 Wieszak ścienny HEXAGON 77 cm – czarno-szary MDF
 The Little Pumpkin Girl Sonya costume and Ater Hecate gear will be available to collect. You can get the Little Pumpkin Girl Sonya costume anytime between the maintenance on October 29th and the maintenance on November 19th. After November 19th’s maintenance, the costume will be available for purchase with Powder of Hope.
---
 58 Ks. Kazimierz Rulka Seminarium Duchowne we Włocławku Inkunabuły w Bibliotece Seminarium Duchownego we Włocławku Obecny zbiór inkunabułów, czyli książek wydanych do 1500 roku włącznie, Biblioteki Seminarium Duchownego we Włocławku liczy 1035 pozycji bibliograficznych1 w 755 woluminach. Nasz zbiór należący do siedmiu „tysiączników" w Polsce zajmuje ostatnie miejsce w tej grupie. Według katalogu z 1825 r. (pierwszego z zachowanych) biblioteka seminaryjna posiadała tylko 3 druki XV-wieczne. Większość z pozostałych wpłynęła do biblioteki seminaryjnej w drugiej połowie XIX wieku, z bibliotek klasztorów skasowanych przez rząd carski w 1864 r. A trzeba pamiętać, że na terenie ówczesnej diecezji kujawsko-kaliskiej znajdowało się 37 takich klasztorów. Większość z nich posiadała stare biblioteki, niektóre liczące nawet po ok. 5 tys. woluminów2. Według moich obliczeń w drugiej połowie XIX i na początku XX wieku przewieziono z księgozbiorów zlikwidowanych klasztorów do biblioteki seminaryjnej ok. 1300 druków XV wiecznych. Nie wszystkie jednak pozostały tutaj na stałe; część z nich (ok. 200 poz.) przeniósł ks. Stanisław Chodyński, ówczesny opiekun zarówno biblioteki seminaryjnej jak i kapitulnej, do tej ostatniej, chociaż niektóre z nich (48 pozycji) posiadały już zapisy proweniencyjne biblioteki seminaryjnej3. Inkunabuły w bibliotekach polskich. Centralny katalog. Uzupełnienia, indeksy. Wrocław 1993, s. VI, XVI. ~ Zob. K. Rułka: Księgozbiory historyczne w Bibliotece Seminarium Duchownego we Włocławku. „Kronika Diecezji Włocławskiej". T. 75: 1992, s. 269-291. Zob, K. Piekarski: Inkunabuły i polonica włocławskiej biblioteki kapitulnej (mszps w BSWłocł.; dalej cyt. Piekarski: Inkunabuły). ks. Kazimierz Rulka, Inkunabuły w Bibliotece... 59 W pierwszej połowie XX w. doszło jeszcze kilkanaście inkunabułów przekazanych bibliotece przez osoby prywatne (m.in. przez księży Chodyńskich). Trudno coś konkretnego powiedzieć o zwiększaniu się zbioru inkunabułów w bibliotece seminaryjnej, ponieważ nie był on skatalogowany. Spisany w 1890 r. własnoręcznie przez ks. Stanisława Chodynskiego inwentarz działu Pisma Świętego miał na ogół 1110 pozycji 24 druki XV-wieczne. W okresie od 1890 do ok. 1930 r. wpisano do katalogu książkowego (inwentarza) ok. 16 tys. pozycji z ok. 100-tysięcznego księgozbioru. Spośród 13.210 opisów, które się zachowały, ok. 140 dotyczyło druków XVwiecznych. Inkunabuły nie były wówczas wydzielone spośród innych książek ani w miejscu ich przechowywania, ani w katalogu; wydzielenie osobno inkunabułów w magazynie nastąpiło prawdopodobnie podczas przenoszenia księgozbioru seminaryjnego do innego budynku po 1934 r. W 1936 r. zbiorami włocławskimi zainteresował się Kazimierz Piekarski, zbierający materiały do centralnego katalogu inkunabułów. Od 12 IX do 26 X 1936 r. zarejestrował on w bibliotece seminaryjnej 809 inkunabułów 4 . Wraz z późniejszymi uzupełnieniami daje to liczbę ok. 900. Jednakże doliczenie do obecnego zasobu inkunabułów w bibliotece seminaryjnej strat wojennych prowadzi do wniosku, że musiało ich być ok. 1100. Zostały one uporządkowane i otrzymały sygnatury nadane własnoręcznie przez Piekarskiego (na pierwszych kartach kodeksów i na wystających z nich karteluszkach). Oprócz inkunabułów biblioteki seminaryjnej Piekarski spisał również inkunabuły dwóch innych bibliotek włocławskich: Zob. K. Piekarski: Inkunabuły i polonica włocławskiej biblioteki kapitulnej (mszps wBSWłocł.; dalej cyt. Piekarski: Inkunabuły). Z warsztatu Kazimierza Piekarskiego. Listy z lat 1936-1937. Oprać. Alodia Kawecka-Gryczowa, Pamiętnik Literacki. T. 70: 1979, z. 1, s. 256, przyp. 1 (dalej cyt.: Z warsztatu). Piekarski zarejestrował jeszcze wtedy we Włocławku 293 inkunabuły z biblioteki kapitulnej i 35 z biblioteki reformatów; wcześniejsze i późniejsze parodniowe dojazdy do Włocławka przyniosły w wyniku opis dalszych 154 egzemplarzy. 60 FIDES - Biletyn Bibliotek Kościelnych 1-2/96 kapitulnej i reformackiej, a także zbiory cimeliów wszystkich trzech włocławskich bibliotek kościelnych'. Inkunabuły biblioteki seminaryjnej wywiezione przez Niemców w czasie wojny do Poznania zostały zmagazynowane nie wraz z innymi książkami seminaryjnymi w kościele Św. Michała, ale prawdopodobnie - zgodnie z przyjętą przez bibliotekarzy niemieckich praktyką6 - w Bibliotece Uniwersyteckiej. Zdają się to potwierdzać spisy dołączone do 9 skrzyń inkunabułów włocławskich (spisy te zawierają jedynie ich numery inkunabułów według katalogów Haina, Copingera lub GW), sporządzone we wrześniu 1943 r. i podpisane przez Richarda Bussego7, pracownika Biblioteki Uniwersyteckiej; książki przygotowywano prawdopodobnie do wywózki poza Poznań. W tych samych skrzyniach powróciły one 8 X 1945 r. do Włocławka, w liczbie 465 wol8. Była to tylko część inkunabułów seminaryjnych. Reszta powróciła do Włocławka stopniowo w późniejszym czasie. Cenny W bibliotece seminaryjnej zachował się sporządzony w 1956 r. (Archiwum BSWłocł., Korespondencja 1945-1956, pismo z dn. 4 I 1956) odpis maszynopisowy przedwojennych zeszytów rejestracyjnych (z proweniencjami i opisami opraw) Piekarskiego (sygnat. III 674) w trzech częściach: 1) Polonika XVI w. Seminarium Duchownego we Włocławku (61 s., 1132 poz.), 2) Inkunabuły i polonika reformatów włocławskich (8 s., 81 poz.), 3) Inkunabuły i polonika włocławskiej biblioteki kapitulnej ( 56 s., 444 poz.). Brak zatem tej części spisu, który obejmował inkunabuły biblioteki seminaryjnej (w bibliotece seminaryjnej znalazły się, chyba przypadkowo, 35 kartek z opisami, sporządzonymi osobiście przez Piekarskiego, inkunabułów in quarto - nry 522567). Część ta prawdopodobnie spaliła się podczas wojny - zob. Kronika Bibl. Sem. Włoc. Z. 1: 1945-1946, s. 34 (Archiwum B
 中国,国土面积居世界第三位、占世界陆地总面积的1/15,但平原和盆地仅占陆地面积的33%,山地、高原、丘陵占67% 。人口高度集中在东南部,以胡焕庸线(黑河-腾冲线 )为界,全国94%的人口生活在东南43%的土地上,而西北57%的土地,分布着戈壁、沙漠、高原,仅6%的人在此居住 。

*Work instructions*.
Give again exactly, and only, the lines above starting at the one with "Wieszak ścienny HEXAGON" and ending at the one with "The Little Pumpkin Girl Sonya costume and".

*Output for this exercise*.
 Wieszak ścienny HEXAGON 77 cm – czarno-szary MDF
 The Little Pumpkin Girl Sonya costume and Ater Hecate gear will be available to collect. You can get the Little Pumpkin Girl Sonya costume anytime between the maintenance on October 29th and the maintenance on November 19th. After November 19th’s maintenance, the costume will be available for purchase with Powder of Hope.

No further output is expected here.